10. Jakarta Dini Hari

22.9K 3.8K 463
                                    

Bagian Sepuluh

17+ (Buat yang di bawah umur, diskip aja babnya)

Karena siapa tahu, berbekal rasa kehilangan... kita malah saling menemukan

-Senandi Rasa-

Taman Lapangan Banteng sore ini tidak terlalu ramai. Mungkin dikarenakan hari ini masih hari senin, ditambah gerimis yang sejak pukul dua tadi mengguyur Jakarta, kombinasi itu rasanya cocok membuat taman yang menjadi favorit banyak orang untuk jogging menjadi sepi.

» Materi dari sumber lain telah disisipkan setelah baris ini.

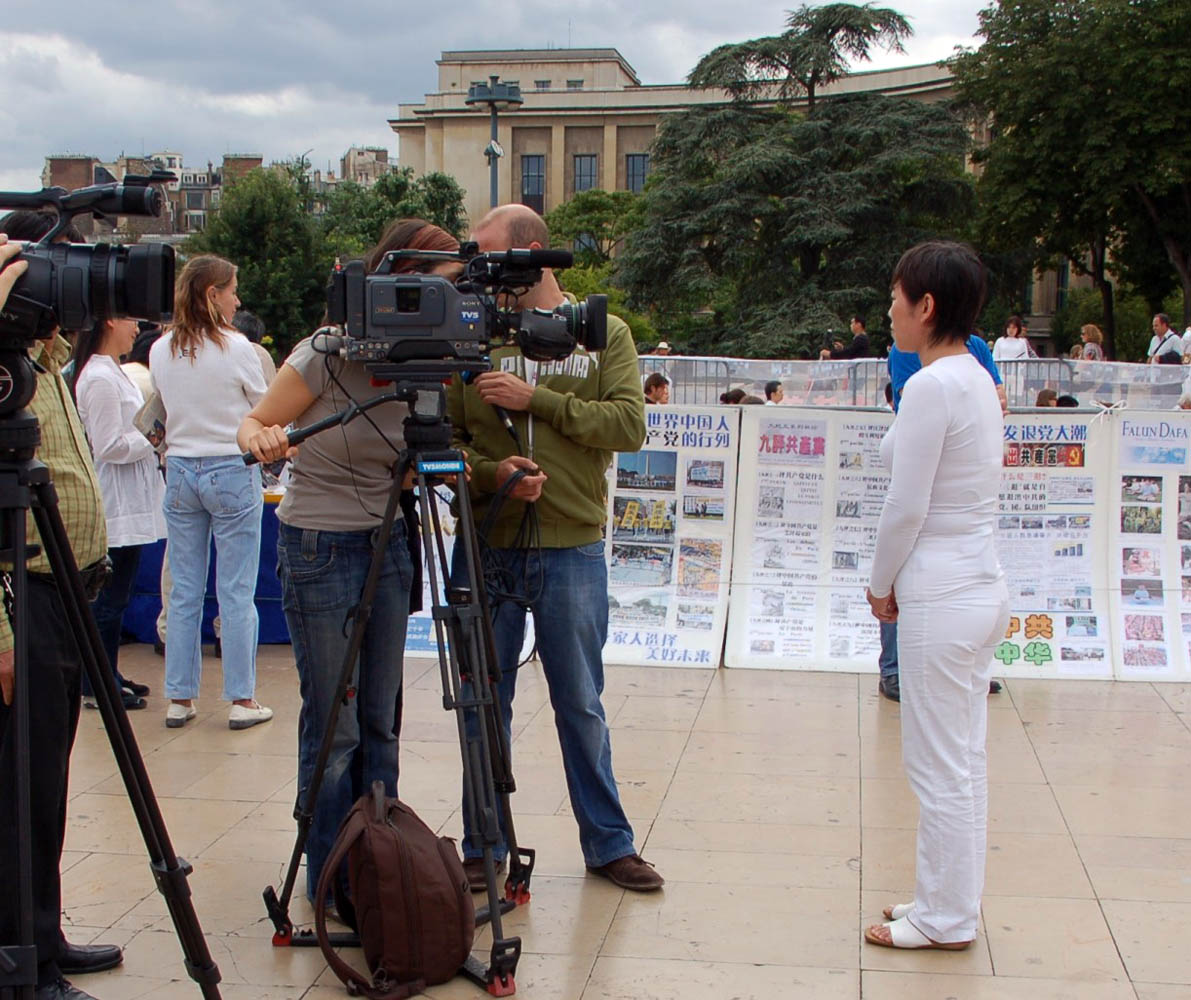 法国电视五台和法新社的记者来到现场录音录像,记录了全过程,还分别对法轮功学员作了现场采访。

Berlin menarik napas panjang, matanya mendongak ke atas, memperhatikan tetesan air yang berjatuhan satu demi persatu dari dedaunan. Tanpa suara, Berlin mengatur napas, berusaha melapangkan rongga dadanya sebesar mungkin.

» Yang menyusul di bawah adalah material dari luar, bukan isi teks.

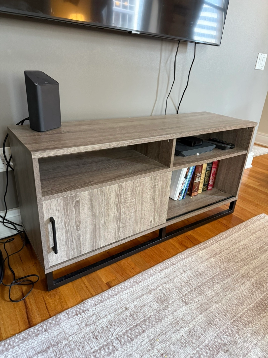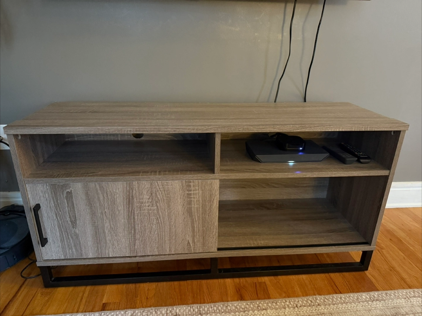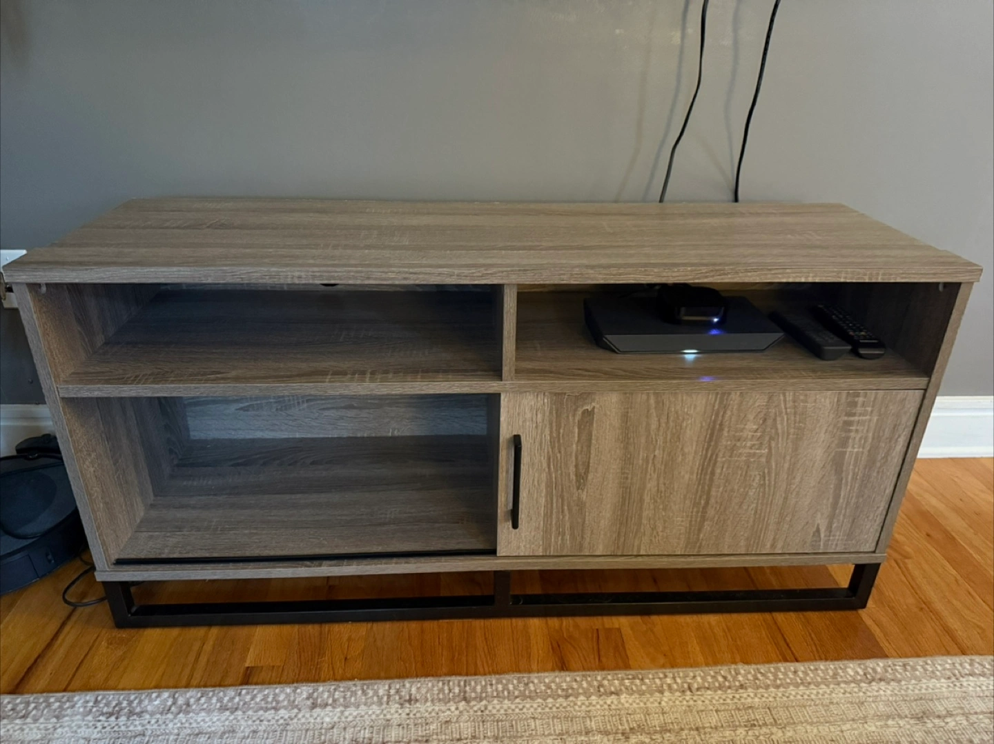 Selling a wood TV stand! It has a modern look with a light gray wood grain finish and a black metal base. There's open shelving on top and one side and a cabinet with a sliding door on the other, perfect for storage.

Hari ini, ia bolos kuliah. Berlin juga tidak menghubungi siapapun, baik itu Bang Randi, Sari, bahkan Tania. Ia lebih memilih untuk menikmati semua kesedihannya sendiri. Dimulai dari berkeliling Kota Tua di siang hari, sampai sekarang kini ia malah berada di Taman yang terkenal dengan sebuah patung tinggi di tengah-tengah taman, patung yang merupakan symbol dari pembebesan Irian Barat.

Matahari yang sejak siang tadi memang sudah ditutupi awan, tampaknya benar-benar mulai sudah turun ke peraduan. Langit kian gelap ketika sayup-sayup Berlin mendengar bunyi azan.

Berlin memang bukan muslim, tapi sejak kecil ia selalu berada di lingkungan yang mayoritas muslim. Ia sedikit paham mengenai agama itu, seperti mengucapkan salam dengan ucapan "Assalamualaikum", sholat 5 waktu, bahkan ibadah tidak makan dan tidak minum selama satu bulan penuh.

Lantunan azan, penanda sholat magrib bagi umat muslim itu terdengar begitu menenangkan bagi Berlin yang seharian ini sangat kacau. Meksipun tidak tahu apapun mengenai makna lantunan itu, Berlin membisu selama lantunan azan yang datang bersahut-sahutan dari berbagai masjid di dekat taman tersebut. Rasanya, Berlin seperti dipeluk Tuhan untuk beberapa menit.

Setelah lantunan itu tidak terdengar, Berlin membuka matanya.

Orang-orang yang berada di taman, satu-persatu mulai meninggalkan taman tersebut. Namun Berlin tidak bergeming dari kursi panjang tersebut, ia masih setia duduk sambil menatap ke sekelilingnya. Kosong dan hampa, perasaan itu datang menyergap dirinya. Berlin bahkan bingung, mengenai apa yang selama ini ia cari...

Selalu jadi yang pertama.

Selalu menjadi juara.

Nyatanya tidak cukup untuk membuat seseorang bahagia.

Senyum miris terukir di wajah Berlin yang sepanjang hari ini kusut, bahkan ia sama sekali tidak menggenakan make up apapun. Meskipun memang dirinya bukan perempuan yang selalu on make up dan touch up di beberapa kesempatan, Berlin tetaplah perempuan yang sadar penampilan. Tapi tidak hari ini.

Sampai pukul delapan malam, Berlin berada di Taman Menteng tersebut, berjalan mengitari taman sampai berhenti di rumah kaca yang merupakan Green House-nya Taman Menteng.

Berlin berdiri di depan pintu masuk taman kaca, lantas menyandarkan punggungnya pada salah satu kaca. Dari tempatnya, ia dapat melihat cahaya bersinar yang cukup memukau dari rumah kaca tersebut. Berlin belum pernah ke taman ini sebelumnya, aktifitasnya yang padat selama menjadi mahasiswa kedokteran, belum lag ditambah himpunan mahasiswa jelas membuat Berlin tidak punya waktu luang untuk sekadar bersantai seperti ini.

Kadang kalau Berlin pikir-pikir, selama ini dia belum pernah sekalipun membuat dirinya beristirahat... selalu saja berlari mengejar mimpi, hingga Berlin lupa bahwa selain mimpi, harus ada sesuatu yang juga Berlin lakukan. Membahagiakan diri sendiri.